• What you have to do
Write every line below out again, exactly as given, but leave out the pictures.
[Start of Attachment]
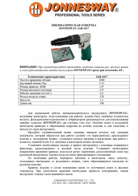 На пневматический механизированный инструмент торговой марки JONNESWAY® распространяется понятие «ограниченной гарантии», в связи с сокращением срока эксплуатации, связанным с повышенным износом некоторых деталей конструкции при использовании. Срок эксплуатации изделия с заявленными характеристиками определен в 12 месяцев с начала использования инструмента. Начало эксплуатации определяется по дате продажи, указанной в гарантийном талоне JONNESWAY® или фискальном документе, подтверждающем факт приобретения конкретного изделия. Срок применения инструмента с объявленными характеристиками может быть изменен индивидуально, как в сторону уменьшения, так и в сторону увеличения в зависимости от интенсивности и условий эксплуатации конкретного изделия (группы изделий).
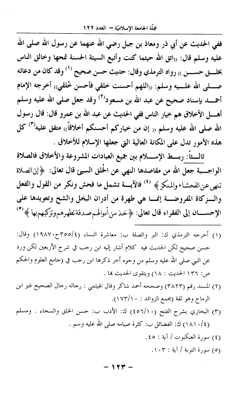 فَفِي الحَدِيث عَن أبي ذَر ومعاذ بن جبل رَضِي الله عَنْهُمَا عَن رَسُول الله صلى الله عَلَيْهِ وَسلم قَالَ: ((اتَّقِ الله حَيْثُمَا كنت وأتبع السَّيئَة الْحَسَنَة تمحها وخالق النَّاس بِخلق حسن)) رَوَاهُ التِّرْمِذِيّ وَقَالَ: حَدِيث حسن صَحِيح (1) وَقد كَانَ من دُعَائِهِ صلى الله عَلَيْهِ وَسلم: ((اللَّهُمَّ أَحْسَنت خلقي فَأحْسن خُلقي)) أخرجه الإِمَام أَحْمد بِإِسْنَاد صَحِيح عَن عبد الله بن مَسْعُود (2) وَقد جعل صلى الله عَلَيْهِ وَسلم أهل الْأَخْلَاق هم خِيَار النَّاس فَفِي الحَدِيث عَن عبد الله بن عَمْرو قَالَ: قَالَ رَسُول الله صلى الله عَلَيْهِ وَسلم ((إِن من خياركم أحسنكم أَخْلَاقًا)) مُتَّفق عَلَيْهِ (3) كل هَذِه الْأُمُور تدل على المكانة الْعَالِيَة الَّتِي جعلهَا الْإِسْلَام للأخلاق.
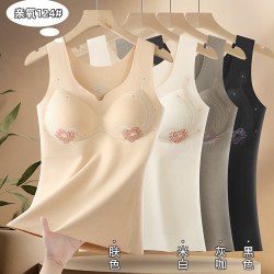 新款无痕保暖背心固定一体杯加绒加厚免穿文胸7A抗菌发热打底内衣
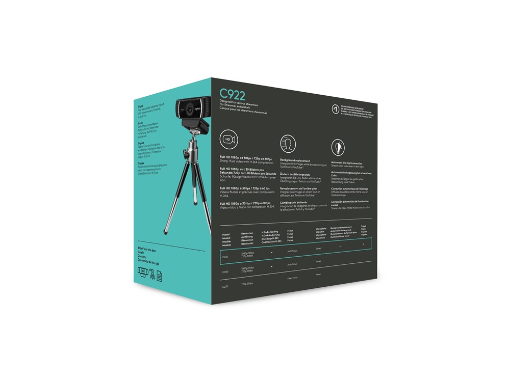 Logitech C922 Pro Stream Webcam with Microphone, Black Designed for serious streamers, the Logitech® C922 Pro Stream Webcam lets you stream and record vibrant, true-to-life HD...
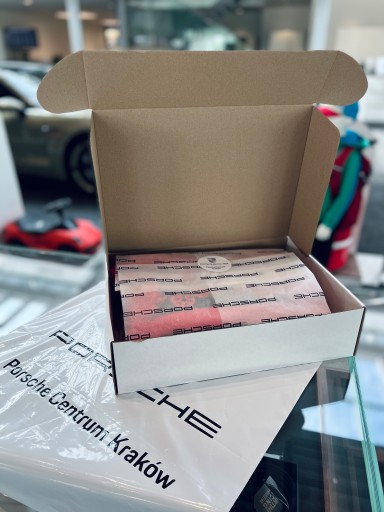 Jeżeli Pański zakup jest prezentem dla kogoś innego, zachęcamy do skorzystania z opcji pakowania prezentowego. W skład którego wchodzi jeszcze ozdobna wstążka i kokarda Porsche.
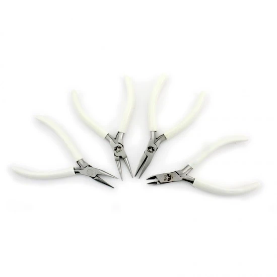 Set 4 pinze assortite con punte diverse adatte per montaggi di rosari, bracciali, decine, eccetera eccetera. Prodotto fornito completo di astuccio.
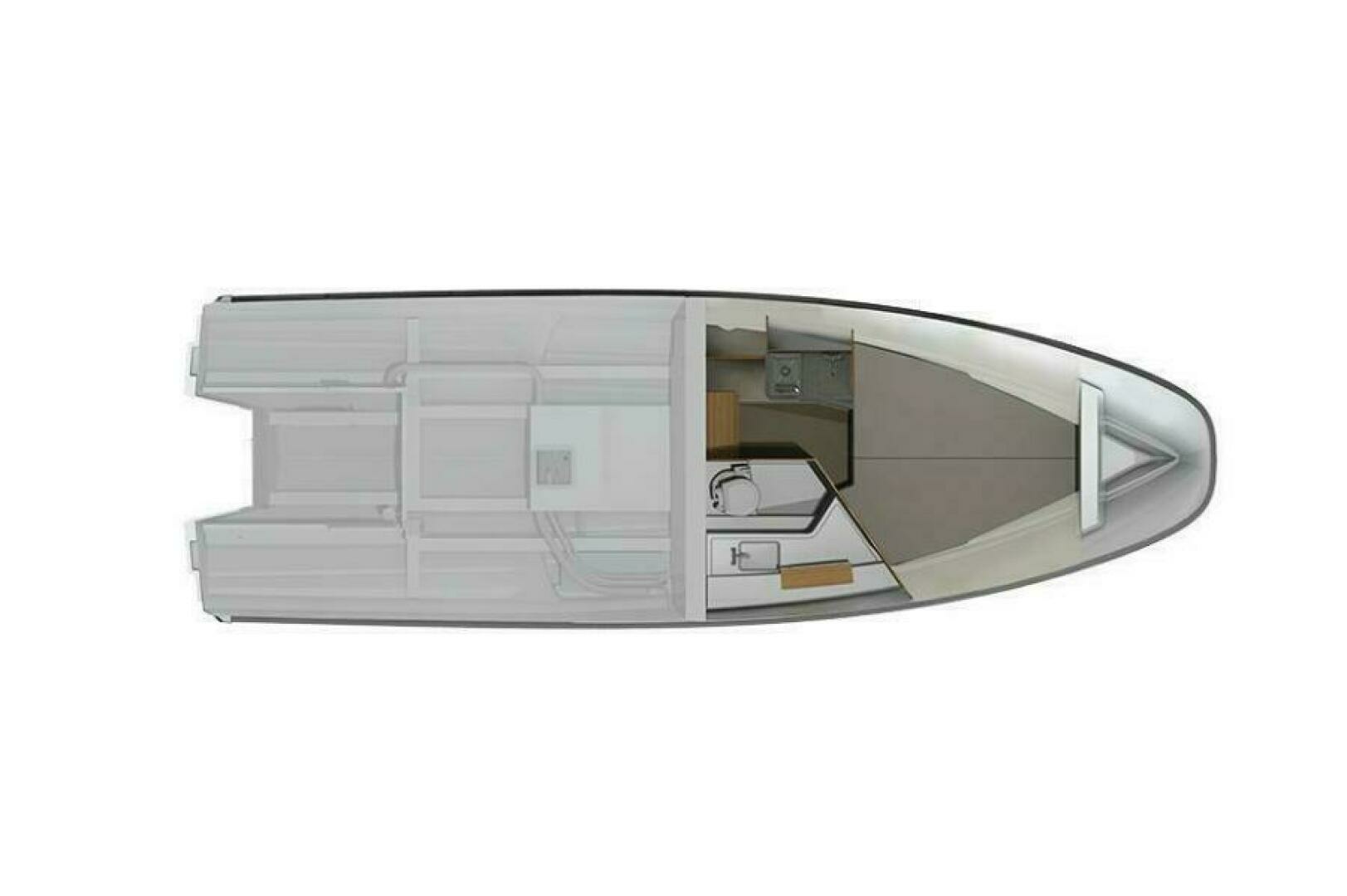 In place of the glass roof (fitted as standard), the boat can be equipped with an electronically opening canvas canopy, ideal for those wishing to optimize the open-air feeling on warm summer days. The driver’s position has space for two people and can be equipped with single 9″, 12″, or twin 12″ chart plotters. The foredeck features a large loading hatch with access to the cabin as well as an optional daybed which creates an extra seating area that seats 4 people with either a table or extended sunbed. The aft deck houses a wide sofa with ample stowage.
[End of Attachment]
• Result
 На пневматический механизированный инструмент торговой марки JONNESWAY® распространяется понятие «ограниченной гарантии», в связи с сокращением срока эксплуатации, связанным с повышенным износом некоторых деталей конструкции при использовании. Срок эксплуатации изделия с заявленными характеристиками определен в 12 месяцев с начала использования инструмента. Начало эксплуатации определяется по дате продажи, указанной в гарантийном талоне JONNESWAY® или фискальном документе, подтверждающем факт приобретения конкретного изделия. Срок применения инструмента с объявленными характеристиками может быть изменен индивидуально, как в сторону уменьшения, так и в сторону увеличения в зависимости от интенсивности и условий эксплуатации конкретного изделия (группы изделий).
 فَفِي الحَدِيث عَن أبي ذَر ومعاذ بن جبل رَضِي الله عَنْهُمَا عَن رَسُول الله صلى الله عَلَيْهِ وَسلم قَالَ: ((اتَّقِ الله حَيْثُمَا كنت وأتبع السَّيئَة الْحَسَنَة تمحها وخالق النَّاس بِخلق حسن)) رَوَاهُ التِّرْمِذِيّ وَقَالَ: حَدِيث حسن صَحِيح (1) وَقد كَانَ من دُعَائِهِ صلى الله عَلَيْهِ وَسلم: ((اللَّهُمَّ أَحْسَنت خلقي فَأحْسن خُلقي)) أخرجه الإِمَام أَحْمد بِإِسْنَاد صَحِيح عَن عبد الله بن مَسْعُود (2) وَقد جعل صلى الله عَلَيْهِ وَسلم أهل الْأَخْلَاق هم خِيَار النَّاس فَفِي الحَدِيث عَن عبد الله بن عَمْرو قَالَ: قَالَ رَسُول الله صلى الله عَلَيْهِ وَسلم ((إِن من خياركم أحسنكم أَخْلَاقًا)) مُتَّفق عَلَيْهِ (3) كل هَذِه الْأُمُور تدل على المكانة الْعَالِيَة الَّتِي جعلهَا الْإِسْلَام للأخلاق.
 新款无痕保暖背心固定一体杯加绒加厚免穿文胸7A抗菌发热打底内衣
 Logitech C922 Pro Stream Webcam with Microphone, Black Designed for serious streamers, the Logitech® C922 Pro Stream Webcam lets you stream and record vibrant, true-to-life HD...
 Jeżeli Pański zakup jest prezentem dla kogoś innego, zachęcamy do skorzystania z opcji pakowania prezentowego. W skład którego wchodzi jeszcze ozdobna wstążka i kokarda Porsche.
 Set 4 pinze assortite con punte diverse adatte per montaggi di rosari, bracciali, decine, eccetera eccetera. Prodotto fornito completo di astuccio.
 In place of the glass roof (fitted as standard), the boat can be equipped with an electronically opening canvas canopy, ideal for those wishing to optimize the open-air feeling on warm summer days. The driver’s position has space for two people and can be equipped with single 9″, 12″, or twin 12″ chart plotters. The foredeck features a large loading hatch with access to the cabin as well as an optional daybed which creates an extra seating area that seats 4 people with either a table or extended sunbed. The aft deck houses a wide sofa with ample stowage.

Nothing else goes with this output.